Testosterone has clear physiological affects on the human body, like triggering muscle growth and all that ugly body hair, but in terms of behavior the story is much more nuanced. Give it to a police officer (real or placebo) and they become much more diligent in pursuing criminals, or people they perceive to be criminals, anyway, which isn't always the same thing. I had an anthro professor ages ago who, when asked the "Is aggression really natural" answered that you don't need rituals to reinforce behaviors that are natural, you need rituals to reduce behaviors that are natural. What rituals reinforce aggression? Violent sports like football, for one. Also hazing, bullying (which has until recently been largely accepted as both "natural" and healthy male behavior - never mind the number of girls and women who bully, we just close our eyes to things that don't fit our stereotypes), and all the honor given to those who are aggressive in their careers, regardless of whether they are anything like ethical.

Part of the problem is that people misunderstand how instincts work. They think instincts are simple programs, instructions that well up inside people and force them to behave badly. Nice rationalization for bad behavior, but it simply isn't true.

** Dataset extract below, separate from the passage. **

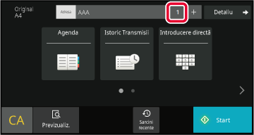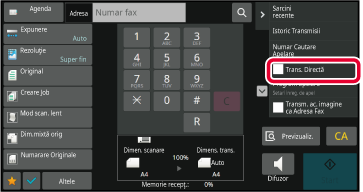 ALIMENTATORUL AUTOMAT DE DOCUMENTESpecificați numărul de fax de destinație şi atingeţi scurt [Trans. Directă] de pe panoul de acţiuni.

As Sapolsky pointed out, testosterone only makes you aggressive if you believe it will. Instincts are not programs, they are options that people try, usually at very young ages, and they are either reinforced by society or extinguished by society. Violent subordinates tend to end up in jail or an early grave - exactly the phenomenon that has spurred the Black Lives Matter movement. Violent leaders, on the other hand, not only get away with aggressive behavior, they benefit from it, so it gets reinforced with myelin and dopamine in their brains. As usual, reality is much more complicated than the bumper stickers would have you believe.

LarryHart said...

Paul SB:

Exactly, but not so much in Alfred's story. But I wasn't being snarky, just making an observation that seemed kind of humorous.


Ah. Ok, but the cast of Ragtime certainly has a lot of white people too, even among the poor characters. Also necessary to the plot.

And BTW, if Alfred's ancestors were of Irish descent in London, they were probably called "n----r" a time or two.

David Brin said...

onward.

I'll be traveling a lot. Checking in now and then. Carry on.

onward

Paul SB said...

Yep, the N word wasn't always used for African people specifically. I remember looking up the word in the dictionary when I was larval and the dictionary defined it as 1. an ignorant person, 2. a pejorative for a person of African descent. Since all humans are of African descent, it shouldn't matter, but I doubt the lexicographers were thinking that back in the '70s. When Larval Paul 1.0 tried using the word according to definition one, it did not go over very well. : {

Anonymous said...


Alfred Differ:
Certainly the story of your family is like a novel. I think you should write that story in a novel format, at least so that the next generations of your family remember that the success they achieved was thanks to the sacrifices and almost slavery of their ancestors.
Although I think you said you're not interested in writing. However, your writing style reminds me a bit of Robert A. Heinlein's chronicle style in his novel "Time Enough for Lover" and "Methuselah's Children." So, if you focus on describing what happens and expressing the emotions of the characters with actions, then I think you can get successful novels.
Regarding the issue of carbohydrates, have you tried the stevia leaves? That plant, which I know does not have any problem. I have noticed that the plant is sold in "Home Depot". And the plant produces seeds, so you can grow a large amount of plants on a small plot of land. The leaves of that plant are very sweet. But you should harvest the leaves frequently, and put them to dry. The mills and you use them mixing them with your cereals; smoothies, etc. That plant is much sweeter than ordinary sugar.